═══ PROVIDED RECORDS

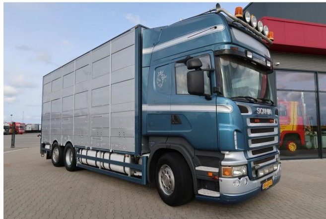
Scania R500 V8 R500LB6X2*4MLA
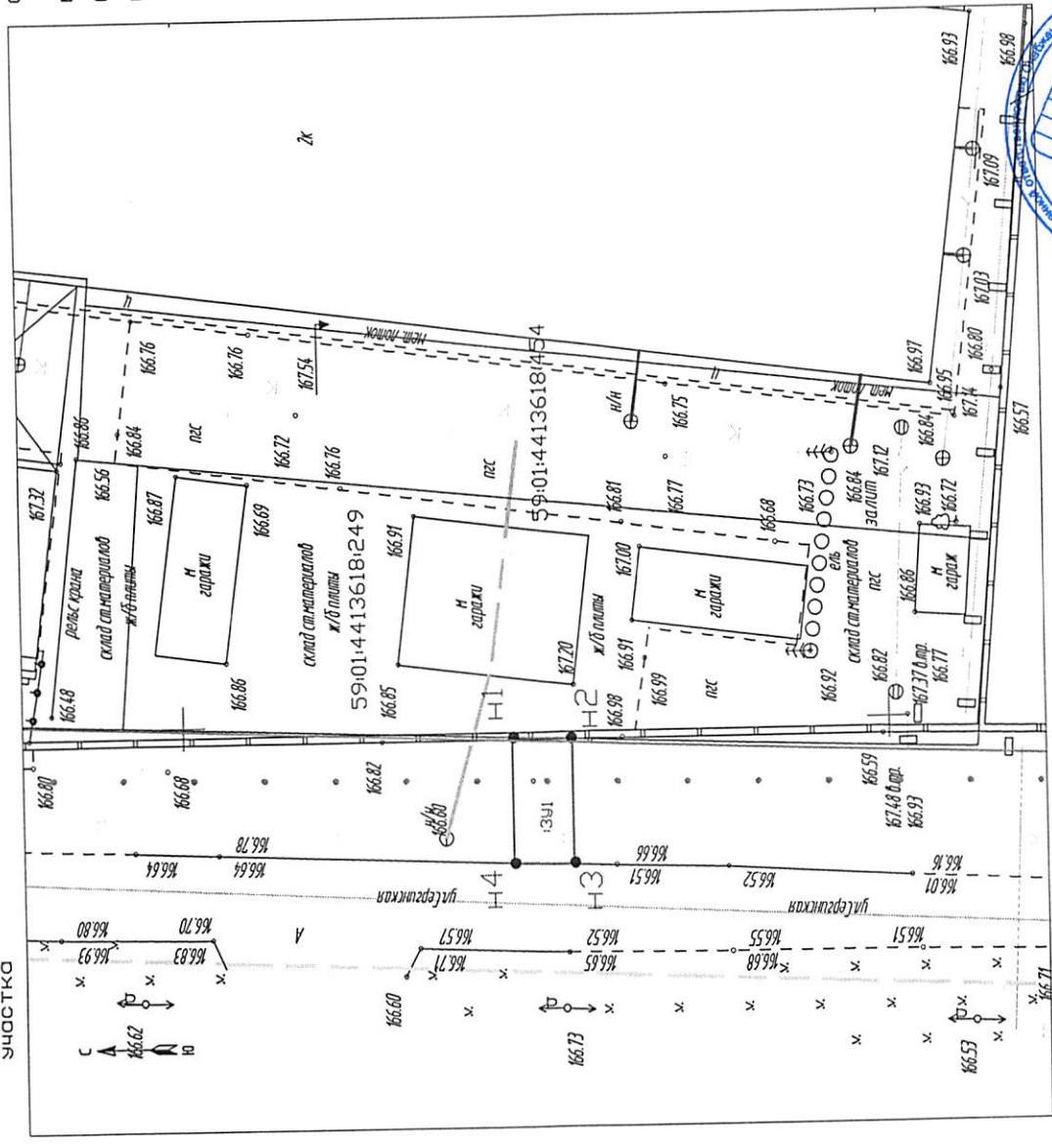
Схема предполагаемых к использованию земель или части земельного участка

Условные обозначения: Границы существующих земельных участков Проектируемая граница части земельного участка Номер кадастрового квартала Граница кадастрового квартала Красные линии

══════
═══ PROVIDED RECORDS

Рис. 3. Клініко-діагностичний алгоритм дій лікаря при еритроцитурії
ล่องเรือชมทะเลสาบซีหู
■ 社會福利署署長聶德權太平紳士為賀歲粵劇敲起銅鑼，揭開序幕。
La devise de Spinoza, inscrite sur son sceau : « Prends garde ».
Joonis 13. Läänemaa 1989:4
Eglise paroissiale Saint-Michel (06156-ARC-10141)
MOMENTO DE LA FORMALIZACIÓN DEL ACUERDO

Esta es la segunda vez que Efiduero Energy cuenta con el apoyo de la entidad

══════

Copy whichever lines of the records above contain the word "участка".

- [COMPLETED TASK]:
Схема предполагаемых к использованию земель или части земельного участка
Условные обозначения: Границы существующих земельных участков Проектируемая граница части земельного участка Номер кадастрового квартала Граница кадастрового квартала Красные линии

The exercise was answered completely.